Yes, settle for what you can manage, but don't settle for less than what you know you can settle for. If all you can settle for is that Mallet with 100 cars on the huge layout, then that critter on the 5-ft circle will be quite discouraging!


5. *Build *rather than buy- and you'll actually have MORE pride in what you have. 

If you have the tools, whether it be the Swiss Army knife with scissors and nail-file or a Bridgeport CNC Mill and Clausing Lathe (or some stuff somewhere in-between) AND have the skill and talent then making your own can be more satisfying than the running of the finished product. Those of US, (like "ME") that have no skill or talent are stuck with buying no matter what the tools are.


6. *Be patient*- obvious that if you shop around you'll eventually find good deals, but many people want everything NOW

I find myself becoming quite impatient with people telling me to be patient. I ain't getting any younger and if I wait much longer I ain't gonna have what I want. I am going to be doing something NOW and if it ain't playing with trains in the garden then it will be something else because NOW is all I got.


7. *Save* for what you need- Cut back by a couple cups of coffee, candy bars, or ciggies a day... plus empty all the change out of your pockets at night and put it in your train fund jar... you might be amazed how fast it adds up!


ABSOLUTELY! Besides, coffee will stunt your growth (they always told me that when I was a kid!), candy bars will make you fat (well... they will not make me fat! I am already fat.) and "ciggies" are designed to kill you so if you are smoking them... uh...bye! But, yes, saving is the best way to go.

-OR-

You can pretend you're the gubmint and just throw barrels of money around

Humpft! I tried that and somebody sued me when one of the barrels landed on their foot... they got to keep the contents AND the barrel!

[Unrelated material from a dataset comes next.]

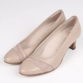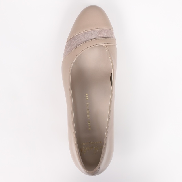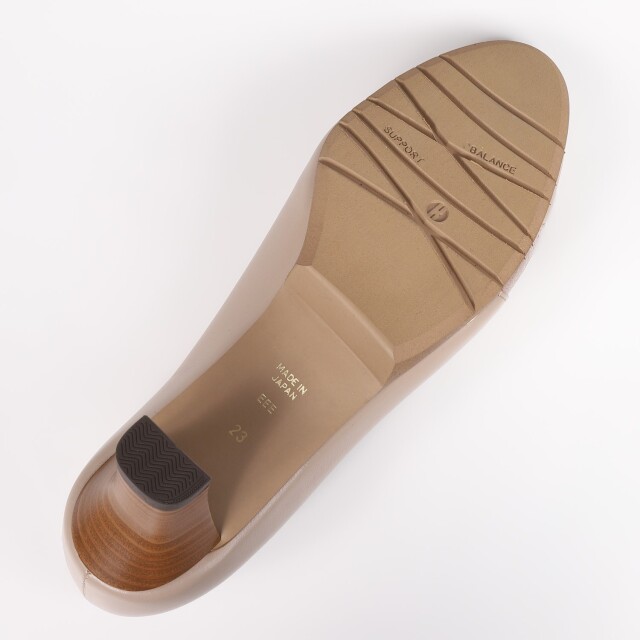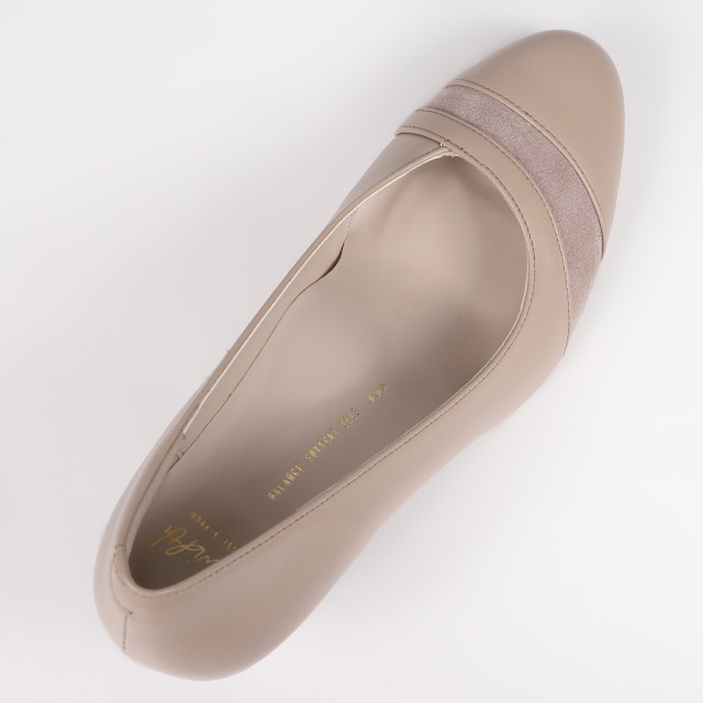 足を美しく見せてくれる甲のカッティング。ほんのり光沢のある、同色系の異素材のコンビがポイントに。売れ筋の定番ヒールとオリジナルソールで履きやすさを実感頂けます。

As for the original poster's idea. I like it. It would be nice to have a place for those without the land resources or the finances to put in track, to run an engine and a few cars. More power and blessing to those that are able to supply the land and track and allow it to be used by others. It would require some coordination to get the power methods all sorted so that a live steamer doesn't short out the track power (or that 100 amp supply weld all 24 wheels to the rail!) and the DC/DCC/MTS/QSI/ABC/XYZ/ALPHABETSOUP systems don't interfere with each other or preclude one particular system from ever being used.


----------



## Mik (Jan 2, 2008)

CT... Thank you for the clarification. And sorry so touchy. But the 'need vs want' and 'good enough' still holds. 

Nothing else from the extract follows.